What is really going on here? In the DSDT, all the releases have a corresponding acquire with an infinite wait, so this error should not happen. It seems that there is an error in our code, that either releases ASL mutex twice, etc. In either case the correct behavior seems to not abort execution. Error seems to vanish in 2.6.17, so we should just apply this patch. Alexey confirms that this regression is seen on an HP NX6125, and that it was not present in 2.6.17 (ACPICA 20060127). ACPI Error (exmutex-0248): Cannot release Mutex [C112], not acquired [20060623] ACPI Error (psparse-0537): Method parse/execution failed [\_TZ_.TZ4_._TMP] (Node ffff810017d47810), AE_AML_MUTEX_NOT_ACQUIRED looking at the latest DSDT for the HP NX6125 in bug #5534 it contains the construct where a mutex is acquired in one method and release in another. while it isn't he mutex in the error message, it may be related: Method (C194, 0, NotSerialized) { Acquire (C191, 0xFFFF) Store (0x55, C17C) } Method (C195, 0, NotSerialized) { Store (0xAA, C17C) Release (C191) } Created attachment 8502 [details]
acoidump
acpidump
Created attachment 8503 [details]
warnings
warnings
This is an additional information about nx6125 system. The errors are occured on kernel 2.6.18-rc1 and others git*. The simple program tcatacpi and /var/log/warn are attached. Run the "tcatacpi" in parallel and see the results at least on nx6125 and F3200 Created attachment 8505 [details]

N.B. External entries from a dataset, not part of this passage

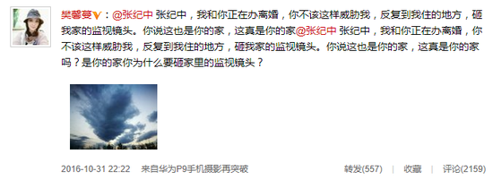 至此,樊馨蔓方对11月2日的故事讲述已经完成逻辑闭环,但整个离婚故事还不完整,让整个故事更加完整的,是10月31日,樊馨蔓深夜发出的曝光张纪中反复上门威胁,还砸坏了监视镜头,更控诉其曾隐藏转移婚内财产的微博:
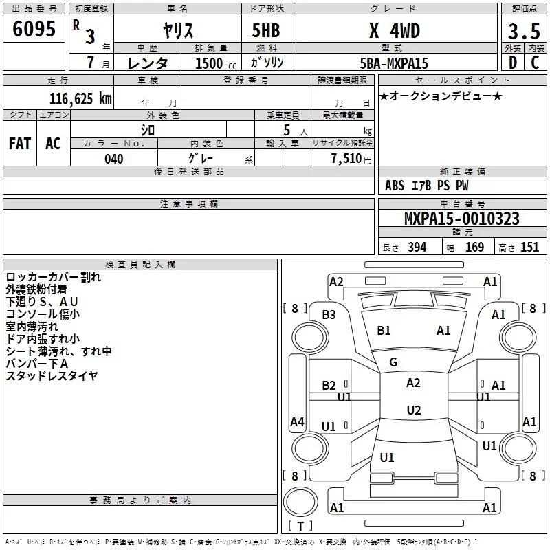 Toyota YARIS с аукциона Японии TAA Hokkaido лот № 6095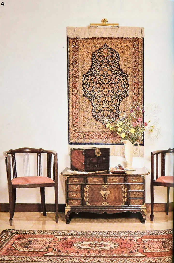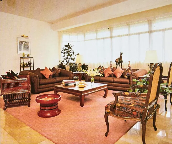 The couple decided to select dark furniture and upholstery to solve the problem. On a trip to Bangkok, they ordered armchairs and a centre table in teak wood, stained dark.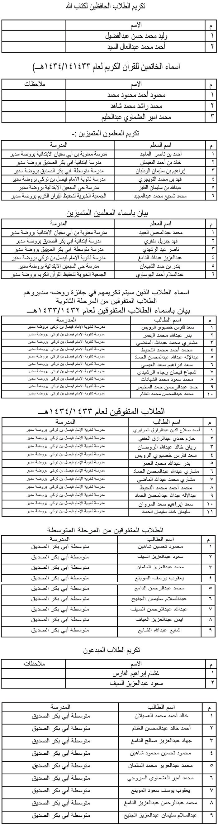 وفي ختام حديثه وجه رئيس مركز روضه سدير كلمة لأبنائه حفظة كتاب الله والمتفوقين والمتفوقات، وقال: إن النجاح ثمرة العمل، والتفوق ثمرة الجد والاجتهاد والله سبحانه وتعالى لا يضيع أجر من أحسن عملا، فإلى مزيد من النجاح والتفوق حتى تكونوا قدوة صالحة ليسعد بكم وطنكم وأمتكم، فالوطن أعطانا الكثير فلنكن له خير مواطنين.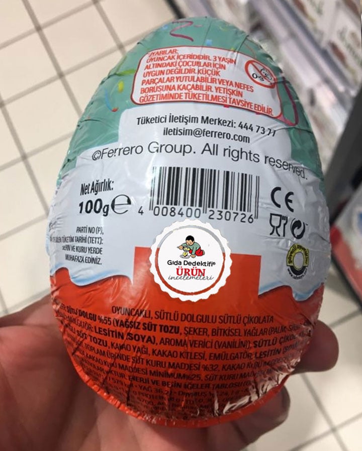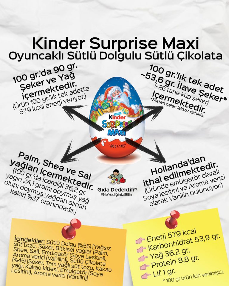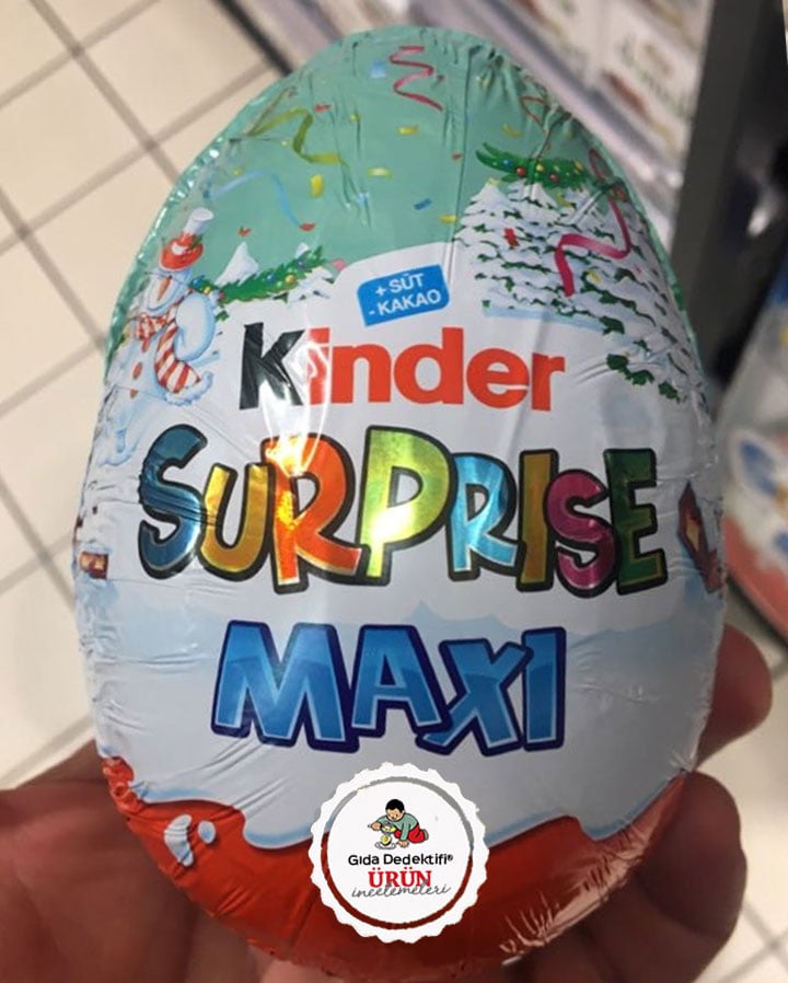 Yılbaşı döneminde metrelik çikolataların yanı sıra dev boyuttaki sürpriz yumurtaların da marketlerde dikkat çeken raflarda yer aldığını söyleyelim. Kinder Surprise Maxi ürünü 100 gr.’lık boyutuyla içinde oyuncak hediyesiyle Ticaret Bakanlığı’nın mevzuatına rağmen satışına devam ediyor. Bu ürünün geçmişten bugüne bu şekilde satıldığı için Ticaret Bakanlığı mevzuatından etkilenmediği de görüşler arasında yer alıyor. Söz konusu ürünün birazdan detaylarıyla bahsedeceğimiz şeker yükü ve yağ miktarı açısından çocuklarda tüketimi konusunda son derece dikkatli olunmasında fayda bulunuyor. Ürün Hollanda’dan ülkemize ithal ediliyor.

2.6.18-rc1 patch to fix acpi_os_get_thread_id()
please try this patch
ACPI: acpi_os_get_thread_id() returns current
While the Linux mutexes and the debug code that
that reference acpi_os_get_thread_id() are happy with 0,
the AML mutexes in exmutex.c expect a unique non-zero
number for each thread - as they track this thread_id
to permit the mutex re-entrancy defined by the ACPI spec.
Verified on '2.6.18-rc1 + patch from comment #17'. AML mutexes work fine, but other two error messages still exist - AE_ALREADE_EXISTS and AE_NOT_FOUND,. See warnings from comment #15. Created attachment 8507 [details]

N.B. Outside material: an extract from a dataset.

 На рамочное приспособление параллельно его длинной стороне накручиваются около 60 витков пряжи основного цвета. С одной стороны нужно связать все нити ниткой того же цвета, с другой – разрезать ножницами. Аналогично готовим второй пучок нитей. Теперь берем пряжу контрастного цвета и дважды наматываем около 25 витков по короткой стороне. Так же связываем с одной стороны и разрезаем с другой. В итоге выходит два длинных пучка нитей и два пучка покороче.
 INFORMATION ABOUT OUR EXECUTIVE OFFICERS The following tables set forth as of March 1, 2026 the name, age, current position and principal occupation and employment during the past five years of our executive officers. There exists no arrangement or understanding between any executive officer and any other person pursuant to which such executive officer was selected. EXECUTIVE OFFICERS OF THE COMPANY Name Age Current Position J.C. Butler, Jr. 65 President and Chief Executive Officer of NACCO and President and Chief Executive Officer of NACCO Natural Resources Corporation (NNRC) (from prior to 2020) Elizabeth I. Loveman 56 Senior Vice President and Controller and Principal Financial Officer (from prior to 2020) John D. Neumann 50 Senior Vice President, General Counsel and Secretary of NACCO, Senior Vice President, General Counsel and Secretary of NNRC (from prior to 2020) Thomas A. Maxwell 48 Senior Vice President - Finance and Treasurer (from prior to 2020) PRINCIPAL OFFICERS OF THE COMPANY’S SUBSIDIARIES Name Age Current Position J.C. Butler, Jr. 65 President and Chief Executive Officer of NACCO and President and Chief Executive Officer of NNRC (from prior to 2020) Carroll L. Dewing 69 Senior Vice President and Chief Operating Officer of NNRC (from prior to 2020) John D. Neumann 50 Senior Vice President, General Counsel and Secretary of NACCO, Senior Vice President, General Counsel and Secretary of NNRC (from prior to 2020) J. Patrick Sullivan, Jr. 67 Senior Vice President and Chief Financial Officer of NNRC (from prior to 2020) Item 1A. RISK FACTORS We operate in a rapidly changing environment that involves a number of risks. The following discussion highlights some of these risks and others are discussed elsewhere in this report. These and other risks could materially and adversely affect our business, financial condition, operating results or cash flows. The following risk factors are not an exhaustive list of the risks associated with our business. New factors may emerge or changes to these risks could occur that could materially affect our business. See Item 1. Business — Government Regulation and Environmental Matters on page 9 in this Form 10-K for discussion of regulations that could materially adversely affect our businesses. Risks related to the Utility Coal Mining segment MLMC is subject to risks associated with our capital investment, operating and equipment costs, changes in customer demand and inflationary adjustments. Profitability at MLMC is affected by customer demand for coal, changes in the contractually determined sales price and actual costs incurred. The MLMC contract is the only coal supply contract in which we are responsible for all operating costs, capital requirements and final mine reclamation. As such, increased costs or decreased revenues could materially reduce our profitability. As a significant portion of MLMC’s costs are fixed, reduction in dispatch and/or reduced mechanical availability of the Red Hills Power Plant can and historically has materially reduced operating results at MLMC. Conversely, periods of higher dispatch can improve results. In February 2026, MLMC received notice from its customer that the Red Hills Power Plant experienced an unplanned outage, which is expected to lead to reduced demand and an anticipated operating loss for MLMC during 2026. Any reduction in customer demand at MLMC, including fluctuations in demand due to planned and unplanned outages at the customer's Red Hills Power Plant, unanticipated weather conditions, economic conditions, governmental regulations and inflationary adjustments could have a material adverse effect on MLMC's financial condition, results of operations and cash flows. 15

namespace fix from upcoming release
Please check if this fix from 20060707 fixes the namespace problem.
Created attachment 8510 [details]
test
Created attachment 8511 [details]
/var/log/warn
Verified on '2.6.18-rc1 + patch #17 + patch #18'.
AE_ALREADE_EXISTS and AE_NOT_FOUND still exist. But there is progress - the
frequency of error messages is very low.
I ran in a loop 'cat /proc/acpi files' concurensly, this test script and
/var/log/warn are attached.
It is possible that the AE_ALREADY_EXISTS problem is fixed in ACPICA version 20060707, since this is a serialized method that creates namespace objects. From the release note: Fixed a problem with Serialized control methods where the semaphore associated with the method could be over-signaled after multiple method invocations. Created attachment 8538 [details]

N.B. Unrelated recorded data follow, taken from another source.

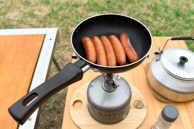 キャンプでも、さっと何かを焼くならやっぱりフライパンが便利。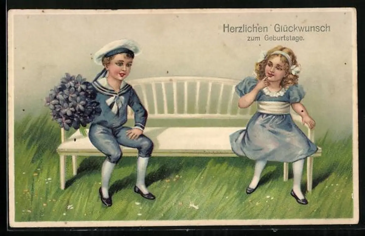 AK Zwei Kinder sitzen auf einer Bank, Junge trägt Matrosenkleidung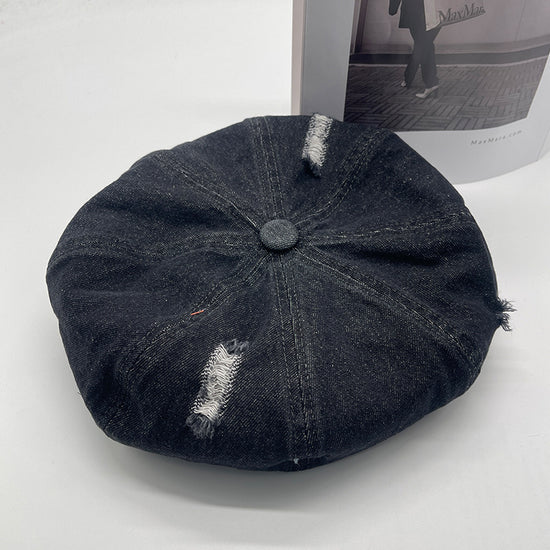 流行帽子|牛仔破洞貝雷帽女春夏季新款百搭雲朵帽復古水洗做舊顯臉小八角帽「C3680」24.02-2

Patch to move deletion of methods' namespace under its mutex
Here is a patch against 2.6.18-rc1... to move deletion of methods namespace
under mutex of this method. No more errors in dmesg on nx6125
Problem still exists with the last patch. RE: Patch in comment #23 The interpreter is locked during the execution of TerminateMethod, therefore another thread cannot begin execution of a method. I believe that this means that the signal/deletion order should not matter. Jul 7 21:57:14 linux kernel: ACPI Error (dsfield-0441): [C0A4] Namespace lookup failure, AE_ALREADY_EXISTS Jul 7 21:57:14 linux kernel: ACPI Error (dsfield-0441): [C0A5] Namespace lookup failure, AE_ALREADY_EXISTS Jul 7 21:57:14 linux kernel: ACPI Error (dsfield-0441): [C0A6] Namespace lookup failure, AE_ALREADY_EXISTS Jul 7 21:57:14 linux kernel: ACPI Error (dsfield-0441): [C0A7] Namespace lookup failure, AE_ALREADY_EXISTS Jul 7 21:57:14 linux kernel: ACPI Error (dsfield-0441): [C0A8] Namespace lookup failure, AE_ALREADY_EXISTS Jul 7 21:57:14 linux kernel: ACPI Error (dsfield-0441): [C0A9] Namespace lookup failure, AE_ALREADY_EXISTS Jul 7 21:57:14 linux kernel: ACPI Error (dsfield-0441): [C0AA] Namespace lookup failure, AE_ALREADY_EXISTS Jul 7 21:57:14 linux kernel: ACPI Error (psargs-0355): [C0A7] Namespace lookup failure, AE_NOT_FOUND If these do not go away, try the acpi_serialize option. Any update on this problem please. Thanks. As I said already, I am for closing this bug, since quite some time it does not occur anymore. Len, Alexey, would you agree we should close this bug? |